Now, the last third of the movie was slightly less impressive to me, the anguish and sadness, the horror over the world without Okabe had felt slightly weak. It’s probably a byproduct of having less time to work with, but also that the masterful Miyano as Okabe, that had carried the show on his shoulders wasn’t here. I think it could’ve used a few more moments, a montage, of Okabe dying. Sure it would’ve been overt and somewhat ham-fisted, but it’d have also worked. Moreover, we’ve watched this film to see Kurisu and Okabe together, so it’s understandable that the part where they are apart feels weaker.

Finally, I was also not entirely satisfied with the way things concluded.
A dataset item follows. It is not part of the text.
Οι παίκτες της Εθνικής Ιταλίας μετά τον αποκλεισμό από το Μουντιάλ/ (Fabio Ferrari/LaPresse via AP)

Now, I’m fine with Houhoin Kyouma being introduced by Kurisu to Okabe, that sort of time-travel shenanigan often occurs in time-travel movies, it’s true, but my problem is that it shouldn’t have worked. Anything happening before 2010 happened before Okabe shifted timelines, and thus is shared amongst the Okarins of all the timelines, and isn’t unique to the Steins;Gate timeline alone. Whatever Kurisu should have done should’ve happened between the 2010 return to Steins;Gate and 2011, where the memories will belong only to the Steins;Gate timeline. I thought she’ll have sex with him, honestly. Or just flat out admit she loves him.
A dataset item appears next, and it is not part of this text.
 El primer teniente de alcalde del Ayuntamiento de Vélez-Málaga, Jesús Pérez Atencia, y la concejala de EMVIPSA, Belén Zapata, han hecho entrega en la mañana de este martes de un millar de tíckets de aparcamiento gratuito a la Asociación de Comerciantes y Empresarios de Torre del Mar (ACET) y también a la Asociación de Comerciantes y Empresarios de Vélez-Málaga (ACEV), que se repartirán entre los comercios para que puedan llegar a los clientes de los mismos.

I give this movie a 7.7/10 reunited mad scientists. I enjoyed it, I liked the characters, I liked the determination and their travails, and I liked how it made me remember, how it gave me deja-vus of the series, even if the emotional impact was lessened – well, it’s a movie, and definitely worthwhile!

4 comments on “Steins;Gate Movie: Fuka Ryouiki no Déjà vu – Retracing Our Steps

  1. Link0306 says:

    Not quite. The Steins;Gate world line didn’t come into existence in 2010. Every single world line goes from the beginning of time to the end, so it is possible for Okabe to have those unique memories.

    • Guy says:

      Hm. But by that logic, from the moment of the kiss, countless time-lines branch, why would he find himself in this one? And not in another timeline that went from the kiss to saving Kurisu?

      There’s also a moment in the series where Okabe discusses his first kiss, so he had those memories in the beta-timeline as well.

      Finally, when you change the past, the present is immediately changed as if the changed past had always been changed, whereas Okabe takes time to recollect himself after. some might say he’s “out of time”, but there’s not really support for it.

      And of course, thinking too hard about these time-paradoxes is rarely beneficial.

  2. Artemis says:

    I’ve been gradually coming to the conclusion that I don’t tend to like sequel flms. They just don’t tend to do anything for me, and regardless of how much I did genuinely enjoy the Steins;Gate series and its characters, the film never once managed to really excite me. And given that, as you say, this film doesn’t explore any new ground as such and that the main pleasure viewers get from it is probably simply getting to spend more time with the cast (in particular the Okabe/Kurisu relationship), there wasn’t at all much there for me to sink my teeth into. Which isn’t the fault of the movie per se, because I imagine it did exactly what it set out to do for other viewers, and did so in a reasonably competent way. On a purely subjective basis however, I thought the movie was about average.

    • Guy says:

      Honestly, I’ve realized I don’t judge or even look for the same thing in such films or in OVAs as the series. If a sequel film/OVA actually has an integral bit of the story, I can be annoyed it wasn’t part of the original show, such as with Gargantia.

      I come to them expecting either “fun” (Magical Girl Kanon 100% is a perfect example of that) or to be “Fan-service” like this movie had been – just more time with the characters.